TRY IT —
In the data below, reproduce everything exactly except the images.

DATA —
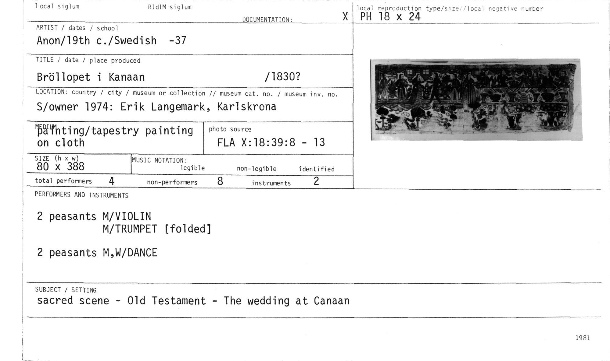 //// local siglum RIdIM siglum //// DOCUMENTATION: //// local reproduction type/size//local negative number //// X PH 18 x 24 //// ARTIST / dates / school //// Anon/19th c./Swedish -37 //// TITLE / date / place produced //// Bröllopet i Kanaan /1830? //// LOCATION: country / city / museum or collection // museum cat. no. / museum inv. no. //// S/owner 1974: Erik Langemark, Karlskrona //// Wfhting/tapestry painting on cloth photo source //// FLA X:18:39:8 - 13 //// //// //// //// SIZE (h x w) //// 80 x 388 //// MUSIC NOTATION: //// legible non-legible identified //// total performers 4 non-performers instruments 2 //// PERFORMERS AND INSTRUMENTS //// 2 peasants M/VIOLIN //// M/TRUMPET [folded] //// 2 peasants M,W/DANCE //// SUBJECT / SETTING //// sacred scene - Old Testament - The wedding at Canaan ////
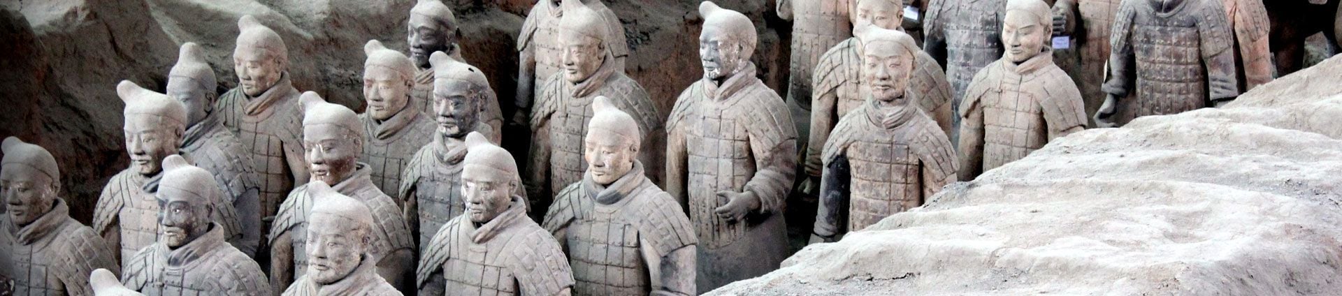 - Con más de 2.200 años de antigüedad, este conjunto reúne más de 6.000 figuras a tamaño real de soldados, carros y corceles que custodian la tumba del primer emperador de China, Qin Shi Huang. La visita incluye también una parada en una fábrica de cerámica para conocer el proceso de elaboración de estas figuras.
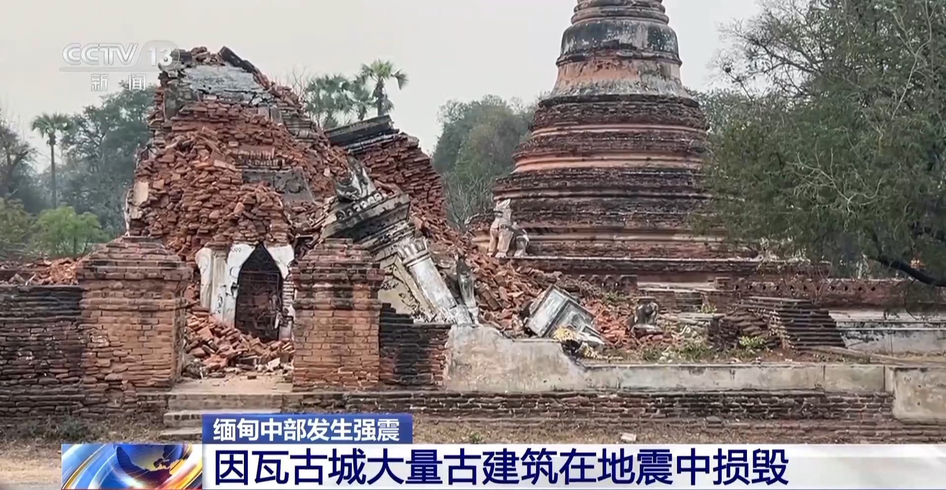 总台记者 刘畅:我现在是在缅甸曼德勒省的因瓦,这是一座历史文化名城,在我身后就是一处著名的历史建筑。但是我们可以看到,它已经在3月28日的大地震中完全毁坏了。

ANSWER SPACE —
 //// local siglum RIdIM siglum //// DOCUMENTATION: //// local reproduction type/size//local negative number //// X PH 18 x 24 //// ARTIST / dates / school //// Anon/19th c./Swedish -37 //// TITLE / date / place produced //// Bröllopet i Kanaan /1830? //// LOCATION: country / city / museum or collection // museum cat. no. / museum inv. no. //// S/owner 1974: Erik Langemark, Karlskrona //// Wfhting/tapestry painting on cloth photo source //// FLA X:18:39:8 - 13 //// //// //// //// SIZE (h x w) //// 80 x 388 //// MUSIC NOTATION: //// legible non-legible identified //// total performers 4 non-performers instruments 2 //// PERFORMERS AND INSTRUMENTS //// 2 peasants M/VIOLIN //// M/TRUMPET [folded] //// 2 peasants M,W/DANCE //// SUBJECT / SETTING //// sacred scene - Old Testament - The wedding at Canaan ////
 - Con más de 2.200 años de antigüedad, este conjunto reúne más de 6.000 figuras a tamaño real de soldados, carros y corceles que custodian la tumba del primer emperador de China, Qin Shi Huang. La visita incluye también una parada en una fábrica de cerámica para conocer el proceso de elaboración de estas figuras.
 总台记者 刘畅:我现在是在缅甸曼德勒省的因瓦,这是一座历史文化名城,在我身后就是一处著名的历史建筑。但是我们可以看到,它已经在3月28日的大地震中完全毁坏了。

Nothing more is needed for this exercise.